When the housing market crashed and foreclosures proliferated, the carnage included stock market collapse, double-digit unemployment, record bankruptcies for people and local governments, giant state budget deficits, and mass layoffs among public workers and in many industries. In California, family income declined, the middle class shrunk, and income inequality surged to the highest level in at least 30 years, according to the Public Policy Institute of California.

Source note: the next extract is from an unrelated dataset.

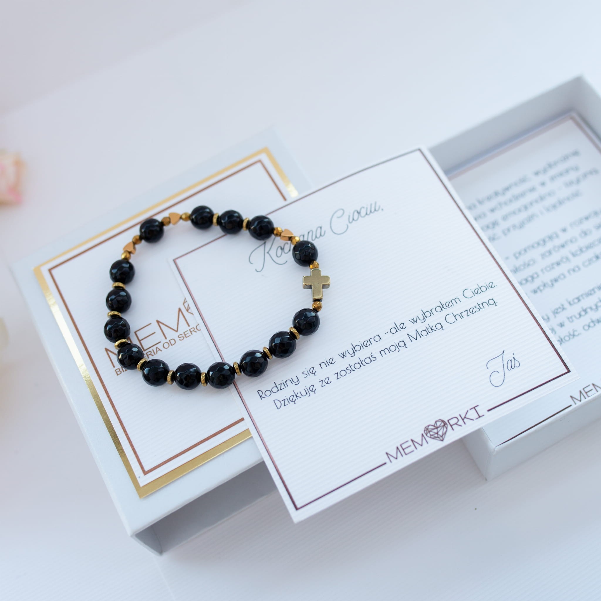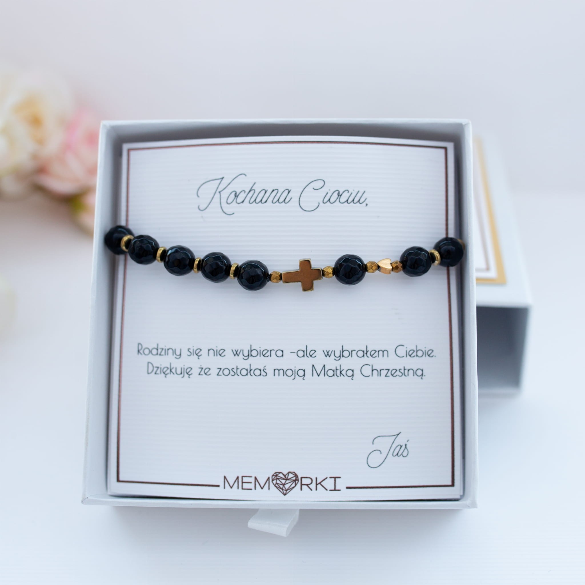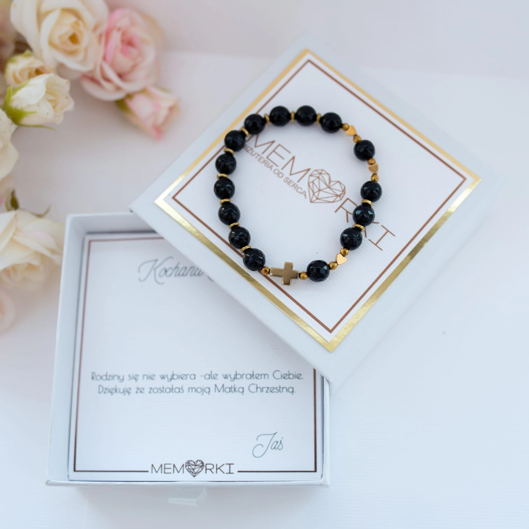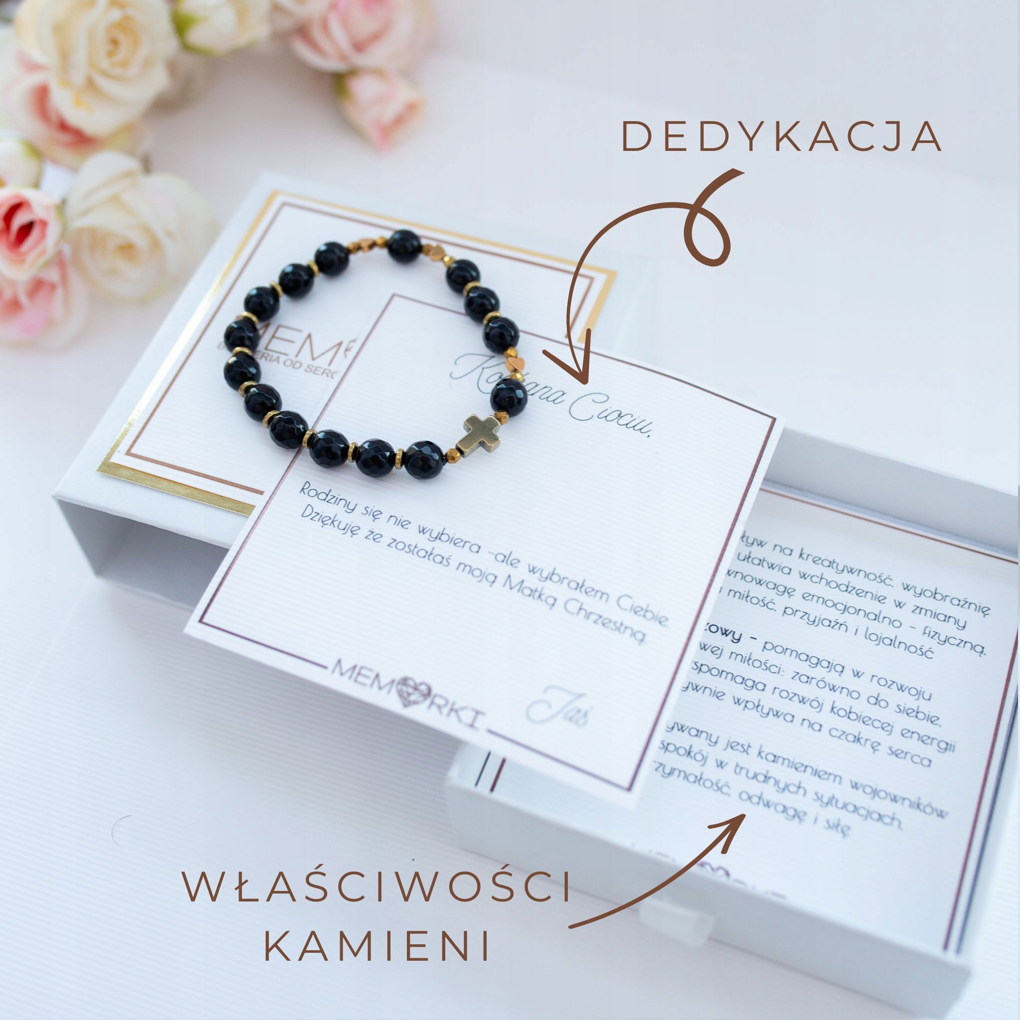Bransoletki z DEDYKACJĄ dla na podziękowanie dla Matki Chrzestnej z onyksu i złotego hematytu.

Californians are proud of the size of their state’s economy, the world’s fifth largest. But when an economy of that scale crashes, it extends beyond borders, contributing to economic malaise from Madrid to Manila.

That’s why world markets declined sharply when news broke of depositors fleeing Silicon Valley Bank. California’s leading tech companies and their workers did their banking at these institutions, so many have assumed the contagion will spread, as it did before. It remains to be seen whether aggressive action by the U.S. government to seize Silicon Valley Bank, and guarantee even uninsured funds, will contain the damage.

These days, major global institutions track and offer reports on “systemic risks” or “mega-risks” to the future of the world and its economies. The World Economic Forum has a report on risks that covers natural disasters, inequality and its impacts, climate change, democratic decline, aging infrastructure, technological disruption, war, terrorism, and infectious diseases.

Maybe they should add California, with its talent for spectacular financial failure, to the list.